REQUIRED ACTION >> From the entries below, reproduce exactly the line containing "フタを折り返して机を広く使え", the line containing "tradicionāli pirms gaidāmās", and every line in between, with nothing added.

RECORDS TO PROCESS >>
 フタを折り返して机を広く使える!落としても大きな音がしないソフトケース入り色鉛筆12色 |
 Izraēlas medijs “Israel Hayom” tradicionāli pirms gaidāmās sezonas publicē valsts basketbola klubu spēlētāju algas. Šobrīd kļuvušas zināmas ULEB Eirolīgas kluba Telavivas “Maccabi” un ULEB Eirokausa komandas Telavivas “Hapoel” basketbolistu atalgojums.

* * *

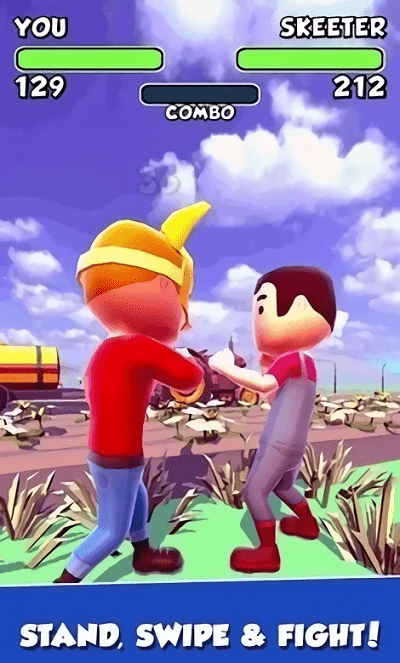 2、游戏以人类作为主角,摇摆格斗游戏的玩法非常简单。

RESPONSE AREA >>
 フタを折り返して机を広く使える!落としても大きな音がしないソフトケース入り色鉛筆12色 |
 Izraēlas medijs “Israel Hayom” tradicionāli pirms gaidāmās sezonas publicē valsts basketbola klubu spēlētāju algas. Šobrīd kļuvušas zināmas ULEB Eirolīgas kluba Telavivas “Maccabi” un ULEB Eirokausa komandas Telavivas “Hapoel” basketbolistu atalgojums.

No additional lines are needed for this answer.